Did they actually switch to the new DB server yet (I think it was planned to be the Sun server)? Last I had heard (a long time ago) was that it was late with shipping and would be switched in at a later time. *(is very behind on server news, goes to look through forum)*


----------



## Frasque (Jan 1, 2009)

It's a SIGN from GAWD to stop looking at DOG DICKS and do something more WORTHWHILE WITH YOUR LIFE


----------



## Wesha (Jan 1, 2009)

Frasque said:


> It's a SIGN from GAWD to stop looking at DOG DICKS and do something more WORTHWHILE WITH YOUR LIFE



Like, looking at CAT dicks! Felines rule! Mrow!


----------



## SDWolf (Jan 1, 2009)

ravewulf said:


> Did they actually switch to the new DB server yet (I think it was planned to be the Sun server)? Last I had heard (a long time ago) was that it was late with shipping and would be switched in at a later time. *(is very behind on server news, goes to look through forum)*



The Dell is the new DB server, and the Sun is the new app (web) server.  Because of a variety of delays (thanks, DHL & CDW), it's taken a while to put the Sun into service, so the Dell was (still is?) doing double-duty as both the DB and app server.  The Dell is robust enough to handle the load, but having a single point of failure is never a good thing.


----------



## Frasque (Jan 1, 2009)

Wesha said:


> Like, looking at CAT dicks! Felines rule! Mrow!


 
Ceiling Cat is watching you . . . .


----------



## SDWolf (Jan 1, 2009)

Yak to the rescue!



			
				yak said:
			
		

> Massive outage is massive.
> I wouldn't believe we would have any of those any more, but the timing was just perfect to have minimal server coverage.
> 
> Our apologies for the downtime.
> FA is being fixed as I am typing this, and will be back online within half an hour.



You rock, as usual.


----------



## leeter (Jan 1, 2009)

SDWolf said:


> The Dell is the new DB server, and the Sun is the new app (web) server.  Because of a variety of delays (thanks, DHL & CDW), it's taken a while to put the Sun into service, so the Dell was (still is?) doing double-duty as both the DB and app server.  The Dell is robust enough to handle the load, but having a single point of failure is never a good thing.



And that's why I switched to virtual servers, that way I don't have to do much to move it once I get the HW I need or I can revert very quickly to a backup


----------



## SDWolf (Jan 1, 2009)

leeter said:


> And that's why I switched to virtual servers, that way I don't have to do much to move it once I get the HW I need or I can revert very quickly to a backup



Virtual servers work great in most circumstances, but performance tends to suffer pretty badly in scenarios that involve a lot of disk I/O, like DB servers.  Virtualize anything else, but DB servers are best left on bare metal.


----------



## leeter (Jan 1, 2009)

SDWolf said:


> Virtual servers work great in most circumstances, but performance tends to suffer pretty badly in scenarios that involve a lot of disk I/O, like DB servers.  Virtualize anything else, but DB servers are best left on bare metal.



If your using vmware on inappropriate HW maybe; but xen, hyper-v or Vmware server should be unnoticeable if it's the only VM on the system, or the other VM's are only Proc heavy


----------



## Rufferstuff (Jan 1, 2009)

Think about it. 

It's Y2K9

K9's are furry, so it's obviously the year FA would have problems.



Wesha said:


> Oh, so what they warned us about was correct!
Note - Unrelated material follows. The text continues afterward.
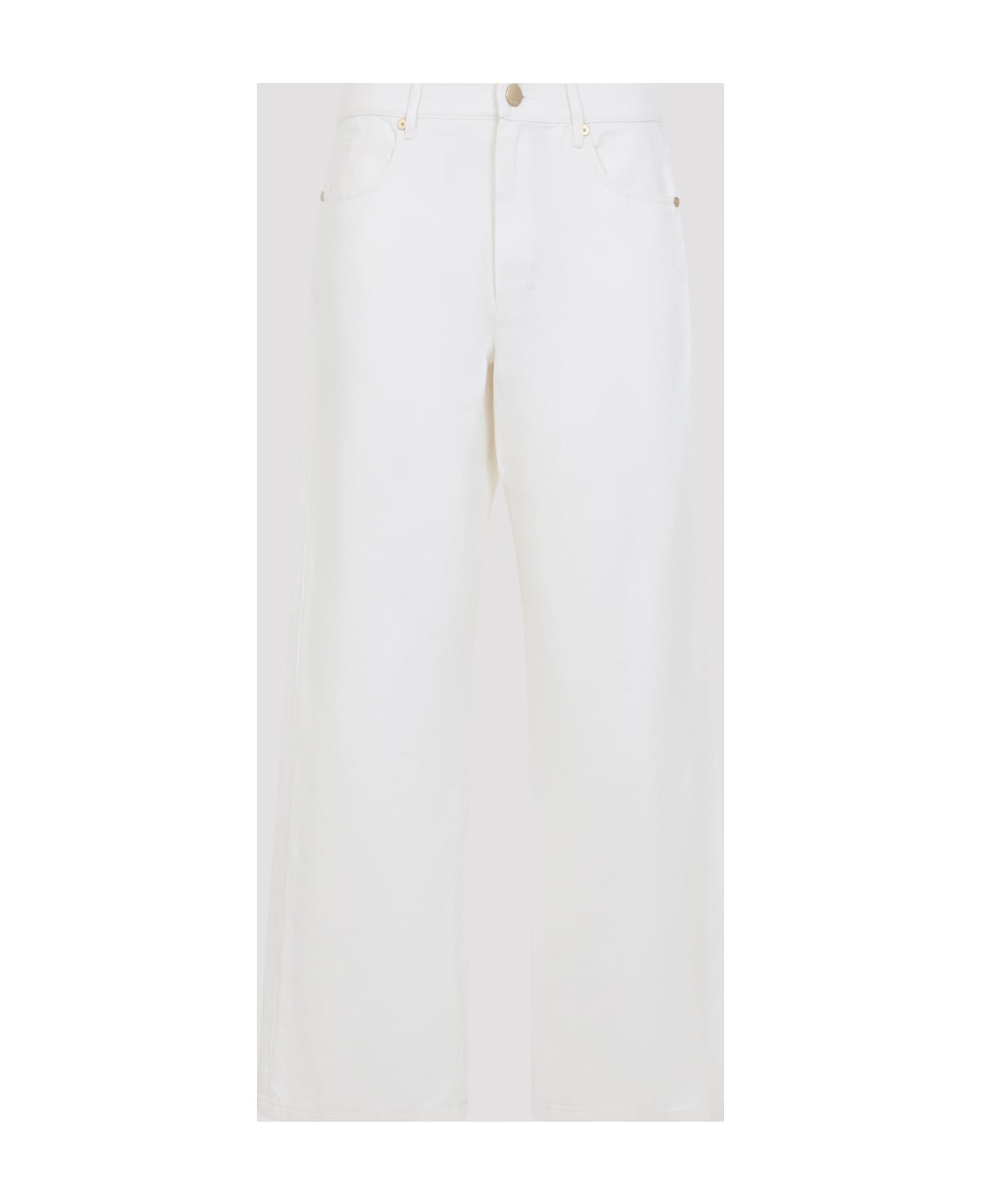 Max Mara`s Onorata White Cotton and Linen Pants. Crafted from white cotton and linen, featuring belt loops, front button and zip fly, a slightly cropped length, and a wide leg.

Only it's problem 2009, not 2000! =^.^=


----------



## yak (Jan 1, 2009)

Database applications don't run well within virtual environments; they need direct access to raw hardware to perform well.


----------



## leeter (Jan 1, 2009)

yak said:


> Database applications don't run well within virtual environments; they need direct access to raw hardware to perform well.
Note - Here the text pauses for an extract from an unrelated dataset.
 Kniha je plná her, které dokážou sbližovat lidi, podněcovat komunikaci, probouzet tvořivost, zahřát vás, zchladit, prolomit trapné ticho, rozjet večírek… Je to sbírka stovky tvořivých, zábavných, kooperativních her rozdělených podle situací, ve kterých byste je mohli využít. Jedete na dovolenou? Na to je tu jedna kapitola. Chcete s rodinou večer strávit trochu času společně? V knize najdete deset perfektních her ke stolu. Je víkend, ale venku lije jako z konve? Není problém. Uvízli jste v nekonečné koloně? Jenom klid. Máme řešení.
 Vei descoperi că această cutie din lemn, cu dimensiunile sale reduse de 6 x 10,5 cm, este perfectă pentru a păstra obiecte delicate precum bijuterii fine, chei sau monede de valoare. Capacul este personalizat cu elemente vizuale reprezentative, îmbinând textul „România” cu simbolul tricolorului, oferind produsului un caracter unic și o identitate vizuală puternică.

I'm not going to argue this, because I suspect that we're both right. My experience has been that with decent hardware underlying the virtualization as well as native virtualization support (Note: most HW vendors turn this off by default, I've had to manually enable it on every server I've ever worked on) that DB lag is imperceptible. However I see your point if and only if the DB VM is consuming 80% or greater of Disk IO. However, I see that as bad hardware management at that point, a good DB server should have enough ram that the DB only has to go to disk very very rarely. In FA's case I do understand your position, given what I know of the architecture that the images are stored as blobs in the DB.


----------